STATISTICS NOTES
सांख्यिकी नोट्स
1. Measures of Central Tendency
केंद्रीय प्रवृत्ति के माप
Mean (Arithmetic Mean)
माध्य (अंकगणितीय माध्य)
The mean is the sum of all observations divided by the total number of observations.

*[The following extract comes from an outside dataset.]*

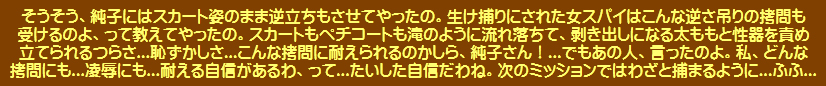 ![]() ![]() ![]() きびしく縛り上げられたスカート姿の純子が立たされています。首輪で繋がれた恥ずかしい格好で晒しものにされているの... ![]() こんなふうに縛られてしまったらもう何も抵抗できない...スカートの上からからだを嬲られても...スカートの中をどんなに蹂躙されても... ![]() みんなが見ている前を引き立てられるスカート姿の純子...手錠が無残だわ...生け捕りの女企業スパイ...こんな恥ずかしい格好で拷問室へ引かれて行くのね... ![]() こんな短いフレアスカート姿で手錠をかけられ、腰縄を取られて社内の各フロアで引き回しにかけられます...企業スパイとして捕らえられ、その見せしめに... ![]() [2016.10.26] |

माध्य सभी प्रेक्षणों के योग को कुल प्रेक्षणों की संख्या से भाग देकर प्राप्त किया जाता है।
Formula:
x̄ = (x₁ + x₂ + x₃ + ... + xₙ) / n
or
x̄ = Σxᵢ / n
Where:
x₁, x₂, x₃ ... = observations
n = total observations
Shortcut Method
x̄ = A + (Σdᵢ / n)
Where:
A = assumed mean
dᵢ = xᵢ − A
Mean of Frequency Distribution
x̄ = (Σfᵢxᵢ) / (Σfᵢ)
Where:
fᵢ = frequency
xᵢ = observation
Combined Mean
x̄ = (N₁X̄₁ + N₂X̄₂) / (N₁ + N₂)
Important Properties of Mean
माध्य के महत्वपूर्ण गुण
- Sum of deviations from mean is zero.
Σ(xᵢ − x̄) = 0
- Sum of squares of deviations is minimum.
Σ(xᵢ − x̄)² is minimum
- Mean changes if every observation changes by a constant.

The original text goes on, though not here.